Content starts

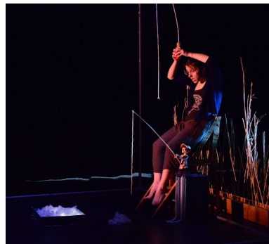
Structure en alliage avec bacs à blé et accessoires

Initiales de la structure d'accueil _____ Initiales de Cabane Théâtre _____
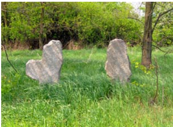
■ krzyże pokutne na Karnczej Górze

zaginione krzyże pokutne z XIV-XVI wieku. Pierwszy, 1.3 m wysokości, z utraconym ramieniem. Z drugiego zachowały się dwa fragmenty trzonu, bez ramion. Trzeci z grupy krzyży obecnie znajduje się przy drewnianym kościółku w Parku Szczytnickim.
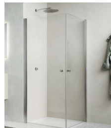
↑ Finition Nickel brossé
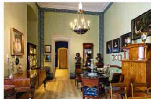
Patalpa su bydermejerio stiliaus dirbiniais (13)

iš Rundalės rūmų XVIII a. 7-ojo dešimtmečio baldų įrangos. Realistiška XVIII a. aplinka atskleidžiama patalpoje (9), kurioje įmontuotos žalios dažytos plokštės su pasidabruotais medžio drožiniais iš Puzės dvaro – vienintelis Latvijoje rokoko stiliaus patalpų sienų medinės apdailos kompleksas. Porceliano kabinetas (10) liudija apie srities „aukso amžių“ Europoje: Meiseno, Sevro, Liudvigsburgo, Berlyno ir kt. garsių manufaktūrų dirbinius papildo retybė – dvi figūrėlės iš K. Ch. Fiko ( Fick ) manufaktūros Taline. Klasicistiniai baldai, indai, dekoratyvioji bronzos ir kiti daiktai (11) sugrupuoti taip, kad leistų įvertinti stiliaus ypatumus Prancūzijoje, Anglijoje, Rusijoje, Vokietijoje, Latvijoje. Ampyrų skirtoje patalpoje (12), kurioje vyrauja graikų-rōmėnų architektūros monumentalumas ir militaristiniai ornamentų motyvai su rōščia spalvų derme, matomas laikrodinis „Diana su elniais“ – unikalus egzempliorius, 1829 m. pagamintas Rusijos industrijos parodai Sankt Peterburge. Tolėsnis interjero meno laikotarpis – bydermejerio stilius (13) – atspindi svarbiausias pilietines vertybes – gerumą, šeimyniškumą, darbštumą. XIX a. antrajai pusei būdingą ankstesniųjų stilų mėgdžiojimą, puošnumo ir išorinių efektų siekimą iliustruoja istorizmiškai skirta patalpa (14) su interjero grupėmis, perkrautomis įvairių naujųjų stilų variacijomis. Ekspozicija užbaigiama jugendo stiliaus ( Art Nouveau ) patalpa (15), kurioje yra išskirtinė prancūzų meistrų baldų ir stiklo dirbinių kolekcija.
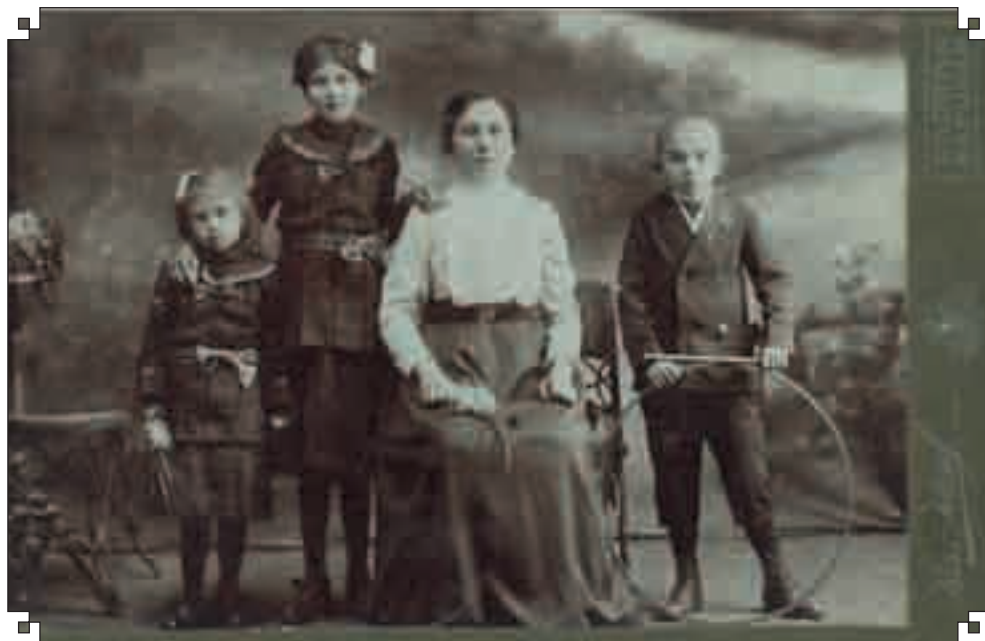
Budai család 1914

Content ends

Exercise instructions. Reproduce all entries exactly. Pictures do not belong in the copy.

Reply to the task.
Structure en alliage avec bacs à blé et accessoires

Initiales de la structure d'accueil _____ Initiales de Cabane Théâtre _____
■ krzyże pokutne na Karnczej Górze

zaginione krzyże pokutne z XIV-XVI wieku. Pierwszy, 1.3 m wysokości, z utraconym ramieniem. Z drugiego zachowały się dwa fragmenty trzonu, bez ramion. Trzeci z grupy krzyży obecnie znajduje się przy drewnianym kościółku w Parku Szczytnickim.
↑ Finition Nickel brossé
Patalpa su bydermejerio stiliaus dirbiniais (13)

iš Rundalės rūmų XVIII a. 7-ojo dešimtmečio baldų įrangos. Realistiška XVIII a. aplinka atskleidžiama patalpoje (9), kurioje įmontuotos žalios dažytos plokštės su pasidabruotais medžio drožiniais iš Puzės dvaro – vienintelis Latvijoje rokoko stiliaus patalpų sienų medinės apdailos kompleksas. Porceliano kabinetas (10) liudija apie srities „aukso amžių“ Europoje: Meiseno, Sevro, Liudvigsburgo, Berlyno ir kt. garsių manufaktūrų dirbinius papildo retybė – dvi figūrėlės iš K. Ch. Fiko ( Fick ) manufaktūros Taline. Klasicistiniai baldai, indai, dekoratyvioji bronzos ir kiti daiktai (11) sugrupuoti taip, kad leistų įvertinti stiliaus ypatumus Prancūzijoje, Anglijoje, Rusijoje, Vokietijoje, Latvijoje. Ampyrų skirtoje patalpoje (12), kurioje vyrauja graikų-rōmėnų architektūros monumentalumas ir militaristiniai ornamentų motyvai su rōščia spalvų derme, matomas laikrodinis „Diana su elniais“ – unikalus egzempliorius, 1829 m. pagamintas Rusijos industrijos parodai Sankt Peterburge. Tolėsnis interjero meno laikotarpis – bydermejerio stilius (13) – atspindi svarbiausias pilietines vertybes – gerumą, šeimyniškumą, darbštumą. XIX a. antrajai pusei būdingą ankstesniųjų stilų mėgdžiojimą, puošnumo ir išorinių efektų siekimą iliustruoja istorizmiškai skirta patalpa (14) su interjero grupėmis, perkrautomis įvairių naujųjų stilų variacijomis. Ekspozicija užbaigiama jugendo stiliaus ( Art Nouveau ) patalpa (15), kurioje yra išskirtinė prancūzų meistrų baldų ir stiklo dirbinių kolekcija.
Budai család 1914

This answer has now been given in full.